Microsoft could always have the google queries come from the user's computer, and integrate the results on the user's computer before displaying it. This would be impossible to block with IP address, but may be blockable with some sort of query heuristic. I'd think this could be done with Java or ActiveX pretty easily (I'm more of an embedded programmer...)

Re:customer-provided IP addresses. (0)

Anonymous Coward | more than 9 years ago | (#10791000)

But they're not using Java (at least in Firefox) and I don't imagine they're using ActiveX in IE.

ISRAEL POISONED ARAFAT (-1, Troll)

Anonymous Coward | more than 9 years ago | (#10790808)
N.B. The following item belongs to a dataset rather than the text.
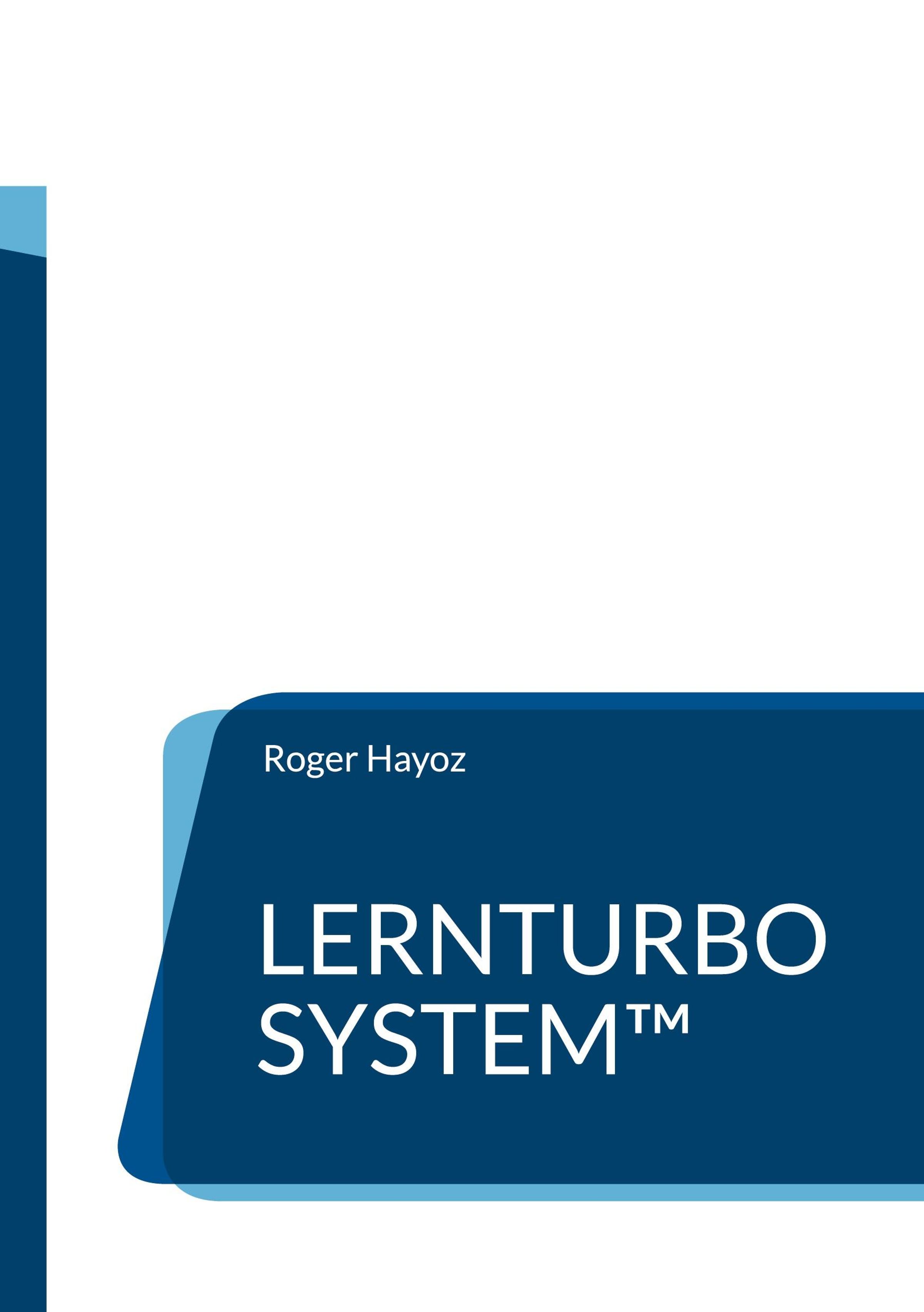 „Roger Hayoz LERNTURBO SYSTEM™“; minimalistisch, blaue Farbblöcke auf weißem Hintergrund., Buch

Well looks like this mothercukginf bitch jjust got FIRST POST HOMIES YEAH YEAH TRIPLE P

Re:ISRAEL POISONED ARAFAT (-1, Offtopic)

Anonymous Coward | more than 9 years ago | (#10790843)

actually, no, you did not get FP. garcia [slashdot.org] did, as usual.

GARCIA OWNZ TR0LL4G3!

You don't say! (1, Funny)

xerocube (815443) | more than 9 years ago | (#10790821)

You mean M$ is searching through somebody else's stuff? Well... I'll be damned...

Re:You don't say! (-1, Troll)

Anonymous Coward | more than 9 years ago | (#10790885)

Sort of like how Linus searched through SCO property.

Re:You don't say! (1, Funny)

Anonymous Coward | more than 9 years ago | (#10790969)

They're not searching Google's porn links fast enough.

Does it violate Google's Terms of Service (4, Insightful)

winkydink (650484) | more than 9 years ago | (#10790824)

If so, they have legal remedies.

If not, it's called doing business and gaining an advantage any legitimate way that you can.

I think the interesting bit is in the conclusion. If MS is using this to establish a baseline, they can benchmark their spider against Google's over time.

Re:Does it violate Google's Terms of Service (3, Insightful)

Lev13than (581686) | more than 9 years ago | (#10790905)

Does it violate Google's Terms of Service? If so, they have legal remedies.
If not, it's called doing business and gaining an advantage any legitimate way that you can.
I think the interesting bit is in the conclusion. If MS is using this to establish a baseline, they can benchmark their spider against Google's over time.


If I copy your work and take credit or it, does it violate your terms of service? If so, you have legal remedies. If not, it's called doing business and gaining an advantage any legitimate way that I can.

Furthermore, I think the interesting bit is in the conclusion. If MS is using this to establish a baseline, they can benchmark their spider against Google's over time.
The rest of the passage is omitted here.